### Instructions for the task
Leave out the pictures and output exactly the lines below from the one with "He was initially" down to the one with "ਗੁਰੂ ਗੋਬਿੰਦ ਸਿੰਘ", both of them included.

### Entries provided

★ ★ ★ ★ ★

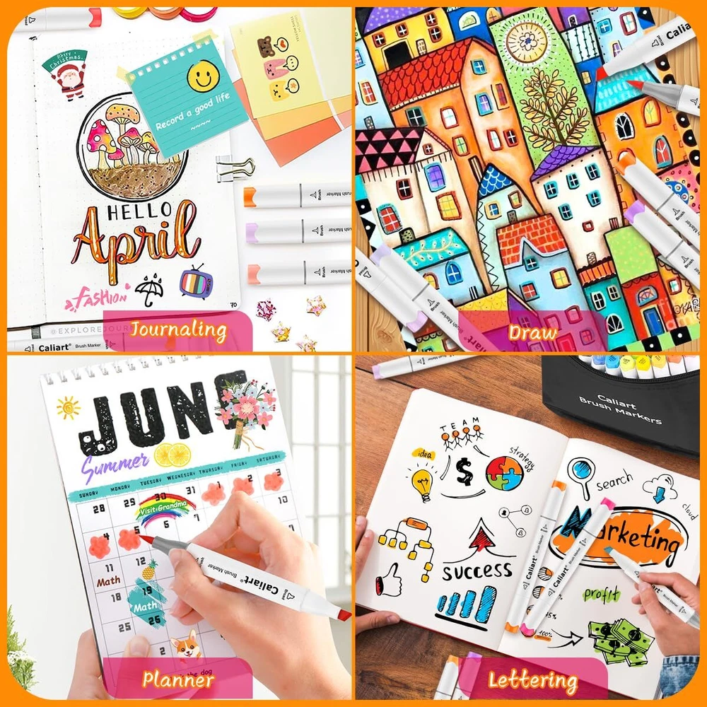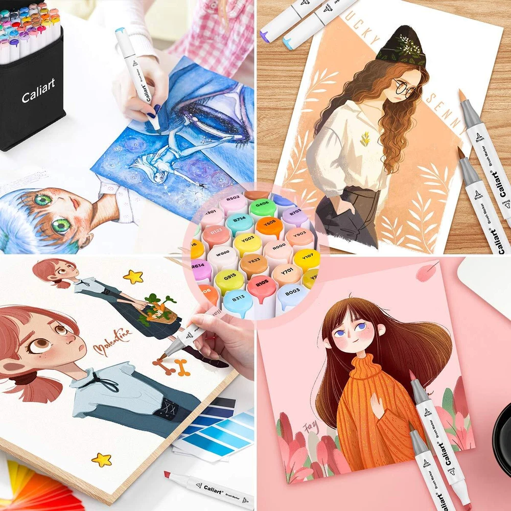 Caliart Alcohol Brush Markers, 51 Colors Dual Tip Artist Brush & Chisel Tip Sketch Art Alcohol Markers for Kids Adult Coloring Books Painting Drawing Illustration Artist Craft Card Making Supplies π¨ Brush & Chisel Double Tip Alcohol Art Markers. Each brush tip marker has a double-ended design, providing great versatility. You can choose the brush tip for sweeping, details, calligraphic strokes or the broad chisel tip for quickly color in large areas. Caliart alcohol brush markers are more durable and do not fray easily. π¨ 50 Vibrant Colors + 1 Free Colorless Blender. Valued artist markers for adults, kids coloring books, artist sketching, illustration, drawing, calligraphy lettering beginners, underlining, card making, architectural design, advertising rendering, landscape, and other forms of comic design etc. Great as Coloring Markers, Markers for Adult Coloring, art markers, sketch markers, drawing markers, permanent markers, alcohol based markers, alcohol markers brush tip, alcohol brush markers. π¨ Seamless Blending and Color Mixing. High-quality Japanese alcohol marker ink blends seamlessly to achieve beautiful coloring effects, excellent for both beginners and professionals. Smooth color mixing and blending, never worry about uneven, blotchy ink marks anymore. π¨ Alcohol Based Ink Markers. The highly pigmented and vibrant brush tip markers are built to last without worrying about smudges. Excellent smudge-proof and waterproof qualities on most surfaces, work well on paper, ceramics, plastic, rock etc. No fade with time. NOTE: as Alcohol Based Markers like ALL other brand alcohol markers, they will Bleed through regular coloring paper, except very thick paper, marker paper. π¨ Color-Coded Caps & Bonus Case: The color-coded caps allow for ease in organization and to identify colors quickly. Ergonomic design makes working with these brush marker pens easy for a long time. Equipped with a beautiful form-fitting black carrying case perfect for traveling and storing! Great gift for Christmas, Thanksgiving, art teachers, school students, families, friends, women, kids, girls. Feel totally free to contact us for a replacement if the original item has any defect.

★ ★ ★ ★ ★

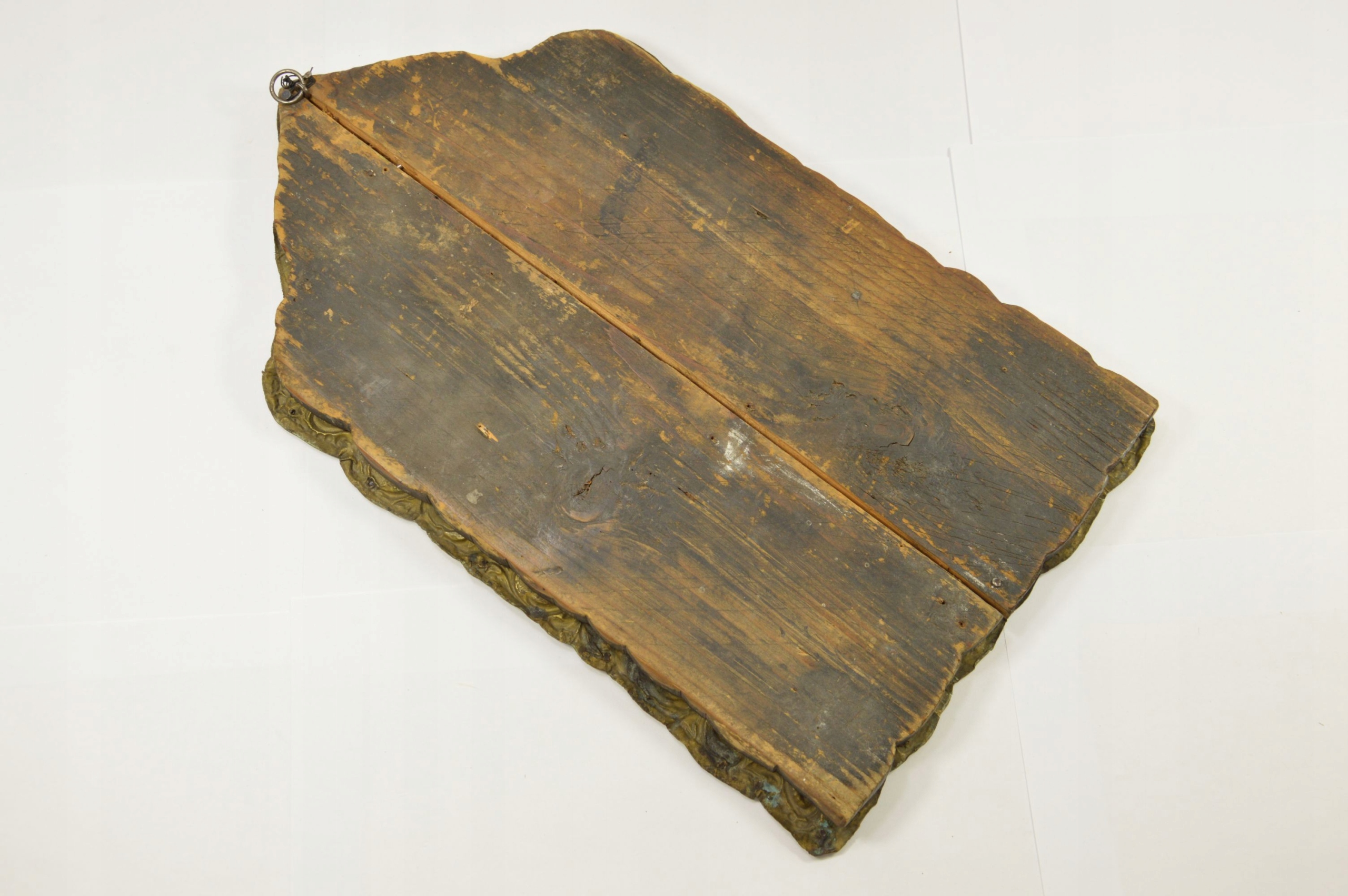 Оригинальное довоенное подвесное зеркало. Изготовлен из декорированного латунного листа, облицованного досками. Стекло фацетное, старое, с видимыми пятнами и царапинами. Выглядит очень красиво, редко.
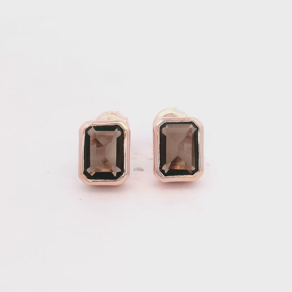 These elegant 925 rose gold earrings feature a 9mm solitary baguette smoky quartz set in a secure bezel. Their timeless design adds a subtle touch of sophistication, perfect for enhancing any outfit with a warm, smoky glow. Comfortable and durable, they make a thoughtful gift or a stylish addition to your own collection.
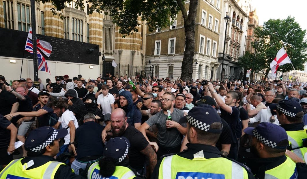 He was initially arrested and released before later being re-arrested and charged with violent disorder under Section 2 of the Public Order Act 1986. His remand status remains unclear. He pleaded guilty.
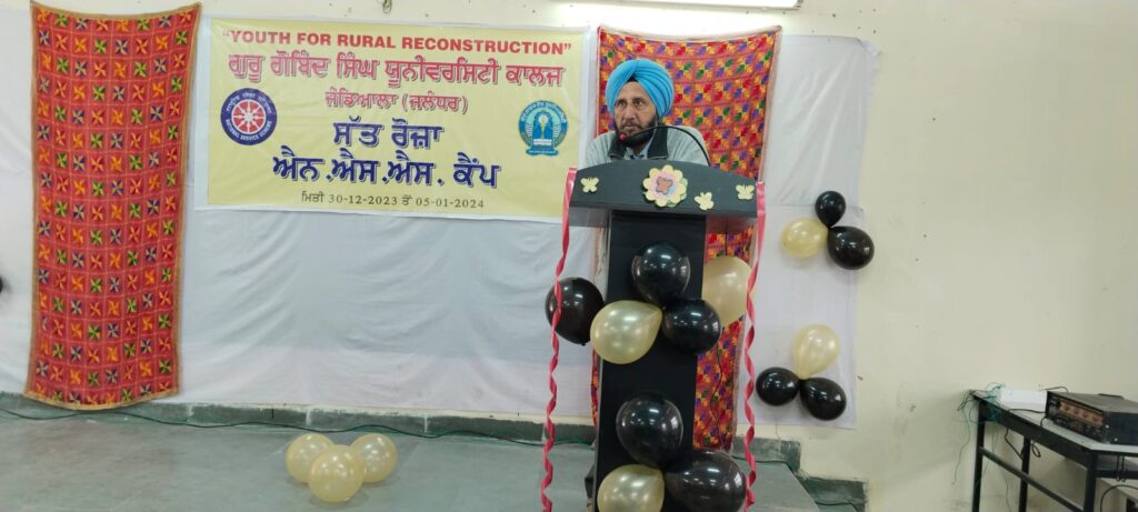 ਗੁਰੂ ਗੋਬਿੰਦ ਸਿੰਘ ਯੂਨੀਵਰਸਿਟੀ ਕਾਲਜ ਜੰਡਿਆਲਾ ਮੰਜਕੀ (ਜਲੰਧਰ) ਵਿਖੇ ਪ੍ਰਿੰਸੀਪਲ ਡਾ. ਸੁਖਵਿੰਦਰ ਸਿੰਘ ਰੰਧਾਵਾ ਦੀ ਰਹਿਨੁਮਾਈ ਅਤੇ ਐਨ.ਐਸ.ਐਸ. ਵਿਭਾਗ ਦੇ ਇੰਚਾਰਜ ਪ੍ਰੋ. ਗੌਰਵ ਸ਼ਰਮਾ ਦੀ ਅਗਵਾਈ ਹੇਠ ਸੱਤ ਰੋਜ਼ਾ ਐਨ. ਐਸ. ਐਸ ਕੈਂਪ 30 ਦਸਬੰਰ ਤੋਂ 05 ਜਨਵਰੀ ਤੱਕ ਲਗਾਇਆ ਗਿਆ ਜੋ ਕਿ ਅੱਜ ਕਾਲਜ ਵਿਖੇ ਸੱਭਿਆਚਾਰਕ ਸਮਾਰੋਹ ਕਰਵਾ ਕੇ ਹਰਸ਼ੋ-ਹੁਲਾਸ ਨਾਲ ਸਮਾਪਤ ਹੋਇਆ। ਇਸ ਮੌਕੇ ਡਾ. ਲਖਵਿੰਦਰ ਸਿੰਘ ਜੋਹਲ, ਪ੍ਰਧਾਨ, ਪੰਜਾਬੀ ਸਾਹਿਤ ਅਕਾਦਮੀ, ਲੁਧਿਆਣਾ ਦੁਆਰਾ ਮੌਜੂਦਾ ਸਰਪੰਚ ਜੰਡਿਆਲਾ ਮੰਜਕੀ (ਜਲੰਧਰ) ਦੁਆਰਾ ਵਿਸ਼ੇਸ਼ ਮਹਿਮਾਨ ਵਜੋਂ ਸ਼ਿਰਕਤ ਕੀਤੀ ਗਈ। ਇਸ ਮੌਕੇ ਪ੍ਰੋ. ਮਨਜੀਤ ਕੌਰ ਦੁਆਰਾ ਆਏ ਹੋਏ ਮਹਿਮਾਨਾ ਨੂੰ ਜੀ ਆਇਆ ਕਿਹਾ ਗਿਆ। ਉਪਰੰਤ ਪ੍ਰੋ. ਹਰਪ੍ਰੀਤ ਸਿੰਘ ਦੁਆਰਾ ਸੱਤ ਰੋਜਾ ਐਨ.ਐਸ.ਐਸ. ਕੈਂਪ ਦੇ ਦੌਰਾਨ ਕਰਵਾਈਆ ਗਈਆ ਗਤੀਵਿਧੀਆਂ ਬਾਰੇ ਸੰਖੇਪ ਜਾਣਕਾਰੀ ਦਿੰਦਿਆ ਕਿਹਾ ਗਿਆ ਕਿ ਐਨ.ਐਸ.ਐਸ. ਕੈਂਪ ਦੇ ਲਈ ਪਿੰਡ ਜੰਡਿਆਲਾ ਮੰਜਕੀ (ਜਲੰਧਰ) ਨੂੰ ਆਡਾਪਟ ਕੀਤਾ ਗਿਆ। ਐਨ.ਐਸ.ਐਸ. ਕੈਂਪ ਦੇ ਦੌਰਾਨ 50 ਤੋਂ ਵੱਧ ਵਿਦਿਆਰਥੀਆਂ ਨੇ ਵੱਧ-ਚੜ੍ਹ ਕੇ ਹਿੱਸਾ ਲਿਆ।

★ ★ ★ ★ ★

### Result for this exercise
 He was initially arrested and released before later being re-arrested and charged with violent disorder under Section 2 of the Public Order Act 1986. His remand status remains unclear. He pleaded guilty.
 ਗੁਰੂ ਗੋਬਿੰਦ ਸਿੰਘ ਯੂਨੀਵਰਸਿਟੀ ਕਾਲਜ ਜੰਡਿਆਲਾ ਮੰਜਕੀ (ਜਲੰਧਰ) ਵਿਖੇ ਪ੍ਰਿੰਸੀਪਲ ਡਾ. ਸੁਖਵਿੰਦਰ ਸਿੰਘ ਰੰਧਾਵਾ ਦੀ ਰਹਿਨੁਮਾਈ ਅਤੇ ਐਨ.ਐਸ.ਐਸ. ਵਿਭਾਗ ਦੇ ਇੰਚਾਰਜ ਪ੍ਰੋ. ਗੌਰਵ ਸ਼ਰਮਾ ਦੀ ਅਗਵਾਈ ਹੇਠ ਸੱਤ ਰੋਜ਼ਾ ਐਨ. ਐਸ. ਐਸ ਕੈਂਪ 30 ਦਸਬੰਰ ਤੋਂ 05 ਜਨਵਰੀ ਤੱਕ ਲਗਾਇਆ ਗਿਆ ਜੋ ਕਿ ਅੱਜ ਕਾਲਜ ਵਿਖੇ ਸੱਭਿਆਚਾਰਕ ਸਮਾਰੋਹ ਕਰਵਾ ਕੇ ਹਰਸ਼ੋ-ਹੁਲਾਸ ਨਾਲ ਸਮਾਪਤ ਹੋਇਆ। ਇਸ ਮੌਕੇ ਡਾ. ਲਖਵਿੰਦਰ ਸਿੰਘ ਜੋਹਲ, ਪ੍ਰਧਾਨ, ਪੰਜਾਬੀ ਸਾਹਿਤ ਅਕਾਦਮੀ, ਲੁਧਿਆਣਾ ਦੁਆਰਾ ਮੌਜੂਦਾ ਸਰਪੰਚ ਜੰਡਿਆਲਾ ਮੰਜਕੀ (ਜਲੰਧਰ) ਦੁਆਰਾ ਵਿਸ਼ੇਸ਼ ਮਹਿਮਾਨ ਵਜੋਂ ਸ਼ਿਰਕਤ ਕੀਤੀ ਗਈ। ਇਸ ਮੌਕੇ ਪ੍ਰੋ. ਮਨਜੀਤ ਕੌਰ ਦੁਆਰਾ ਆਏ ਹੋਏ ਮਹਿਮਾਨਾ ਨੂੰ ਜੀ ਆਇਆ ਕਿਹਾ ਗਿਆ। ਉਪਰੰਤ ਪ੍ਰੋ. ਹਰਪ੍ਰੀਤ ਸਿੰਘ ਦੁਆਰਾ ਸੱਤ ਰੋਜਾ ਐਨ.ਐਸ.ਐਸ. ਕੈਂਪ ਦੇ ਦੌਰਾਨ ਕਰਵਾਈਆ ਗਈਆ ਗਤੀਵਿਧੀਆਂ ਬਾਰੇ ਸੰਖੇਪ ਜਾਣਕਾਰੀ ਦਿੰਦਿਆ ਕਿਹਾ ਗਿਆ ਕਿ ਐਨ.ਐਸ.ਐਸ. ਕੈਂਪ ਦੇ ਲਈ ਪਿੰਡ ਜੰਡਿਆਲਾ ਮੰਜਕੀ (ਜਲੰਧਰ) ਨੂੰ ਆਡਾਪਟ ਕੀਤਾ ਗਿਆ। ਐਨ.ਐਸ.ਐਸ. ਕੈਂਪ ਦੇ ਦੌਰਾਨ 50 ਤੋਂ ਵੱਧ ਵਿਦਿਆਰਥੀਆਂ ਨੇ ਵੱਧ-ਚੜ੍ਹ ਕੇ ਹਿੱਸਾ ਲਿਆ।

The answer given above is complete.